Citation: Huang S-P, Bao B-Y, Hour T-C, Huang C-Y, Yu C-C, Liu C-C, et al. (2012) Genetic Variants in CASP3, BMP5, and IRS2 Genes May Influence Survival in Prostate Cancer Patients Receiving Androgen-Deprivation Therapy. PLoS ONE 7(7): e41219. https://doi.org/10.1371/journal.pone.0041219

Editor: Giuseppe Novelli, Tor Vergata University of Rome, Italy

Received: April 17, 2012; Accepted: June 18, 2012; Published: July 23, 2012

Copyright: © 2012 Huang et al. This is an open-access article distributed under the terms of the Creative Commons Attribution License, which permits unrestricted use, distribution, and reproduction in any medium, provided the original author and source are credited.
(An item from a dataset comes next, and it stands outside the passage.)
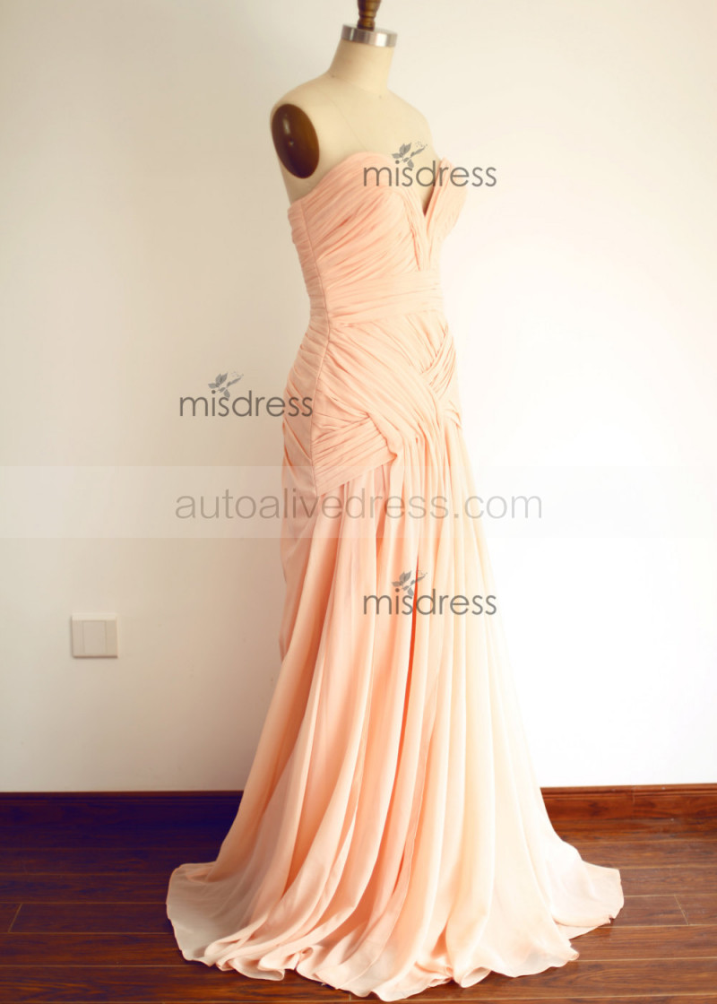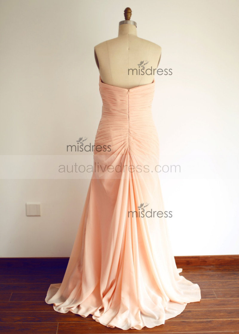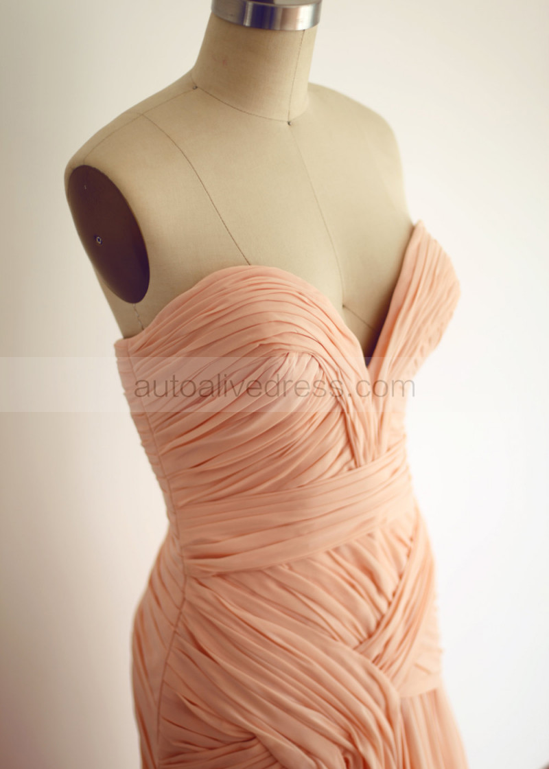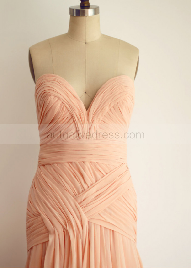 Peach Sweetheart Chiffon Slit Long Prom Dress

Funding: This work was supported by the NSC grants NSC-98-2320-B-039-019-MY3, NSC-99-2314-B-037-018-MY3, NSC-100-2314-B-039-009-MY3, and China Medical University grant CMU99-COL-13. The funders had no role in study design, data collection and analysis, decision to publish, or preparation of the manuscript.

Competing interests: The authors have declared that no competing interests exist.

Introduction

Prostate cancer, the most frequently diagnosed cancer, is the second leading cause of cancer-related deaths among men in Western countries [1], [2]. Since it was first introduced more than 70 years ago, an androgen-deprivation therapy (ADT) has been the mainstay of treatment for advanced prostate cancer based on that the androgen signaling has been considered the main oncogenic driver in prostate carcinogenesis. The initial response rate of prostate cancer to ADT has been reported to be up to 80%, however, the disease in most of treated patients have progressed toward castration-resistant prostate cancer (CRPC). Unfortunately, CRPC is still incurable and the median survival for patients with CRPC is only 1–2 years. Nevertheless, poor understanding of the molecular mechanisms underlying CRPC might be the constraint on development of efficient therapy.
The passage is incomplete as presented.